| DATASET EXCERPT |

....

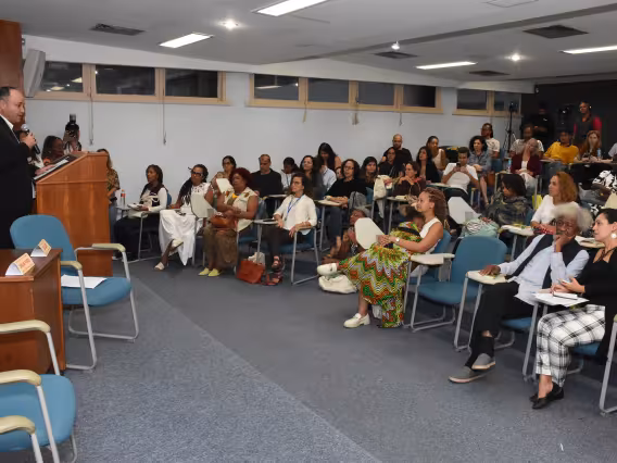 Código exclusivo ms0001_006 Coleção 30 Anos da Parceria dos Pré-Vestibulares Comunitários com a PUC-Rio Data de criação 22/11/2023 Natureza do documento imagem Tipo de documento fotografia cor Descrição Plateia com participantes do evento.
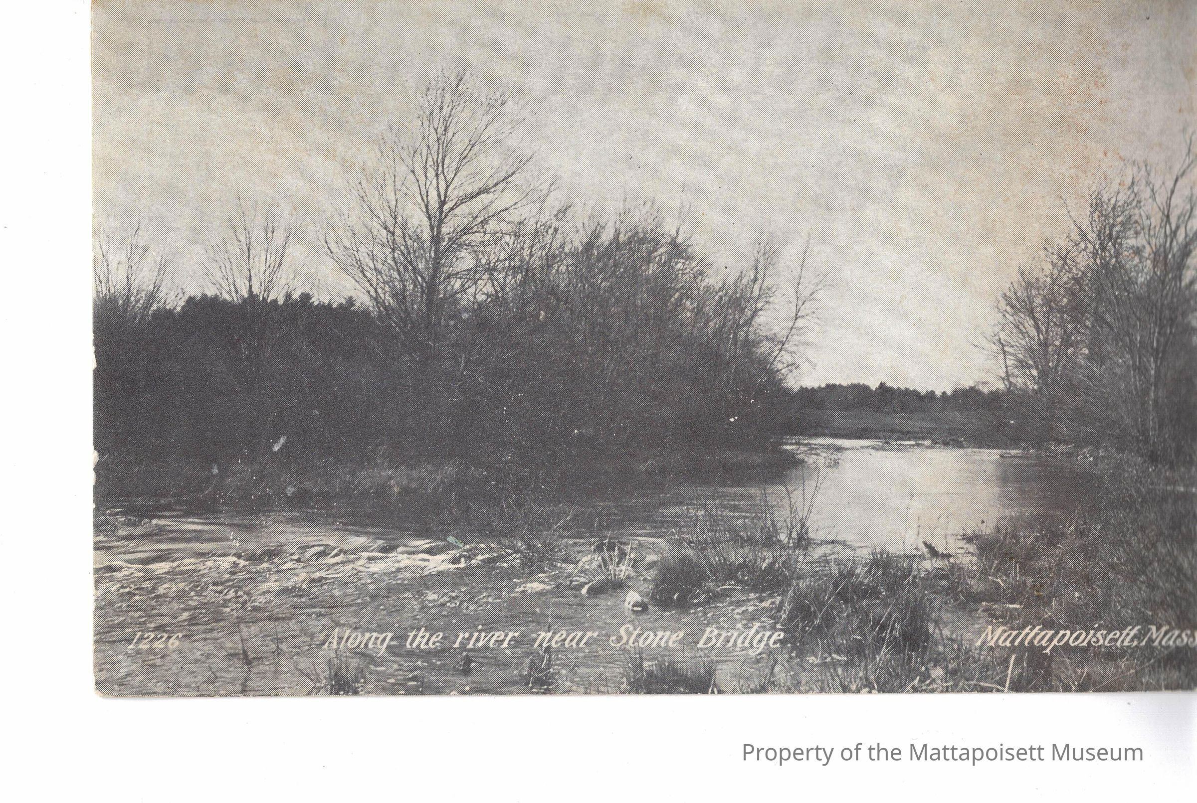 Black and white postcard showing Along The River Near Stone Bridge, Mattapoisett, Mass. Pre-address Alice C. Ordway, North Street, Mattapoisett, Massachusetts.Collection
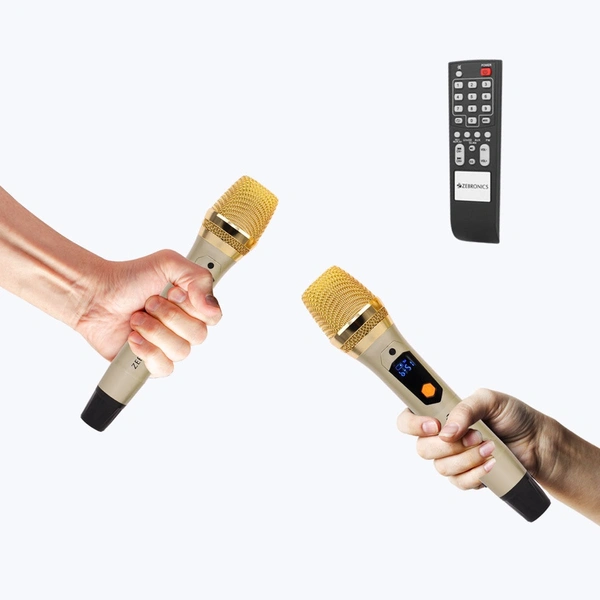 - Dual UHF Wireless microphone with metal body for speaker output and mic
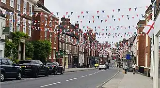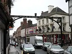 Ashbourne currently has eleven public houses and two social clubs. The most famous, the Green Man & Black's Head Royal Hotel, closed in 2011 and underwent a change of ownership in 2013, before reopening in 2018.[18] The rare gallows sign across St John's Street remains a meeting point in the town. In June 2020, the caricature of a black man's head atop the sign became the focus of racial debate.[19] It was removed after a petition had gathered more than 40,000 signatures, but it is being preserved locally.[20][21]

....

| PROBLEM STATEMENT |
Exactly as written, copy out the listing, but without any pictures.

| SOLUTION TO THIS PROBLEM |
 Código exclusivo ms0001_006 Coleção 30 Anos da Parceria dos Pré-Vestibulares Comunitários com a PUC-Rio Data de criação 22/11/2023 Natureza do documento imagem Tipo de documento fotografia cor Descrição Plateia com participantes do evento.
 Black and white postcard showing Along The River Near Stone Bridge, Mattapoisett, Mass. Pre-address Alice C. Ordway, North Street, Mattapoisett, Massachusetts.Collection
 - Dual UHF Wireless microphone with metal body for speaker output and mic
 Ashbourne currently has eleven public houses and two social clubs. The most famous, the Green Man & Black's Head Royal Hotel, closed in 2011 and underwent a change of ownership in 2013, before reopening in 2018.[18] The rare gallows sign across St John's Street remains a meeting point in the town. In June 2020, the caricature of a black man's head atop the sign became the focus of racial debate.[19] It was removed after a petition had gathered more than 40,000 signatures, but it is being preserved locally.[20][21]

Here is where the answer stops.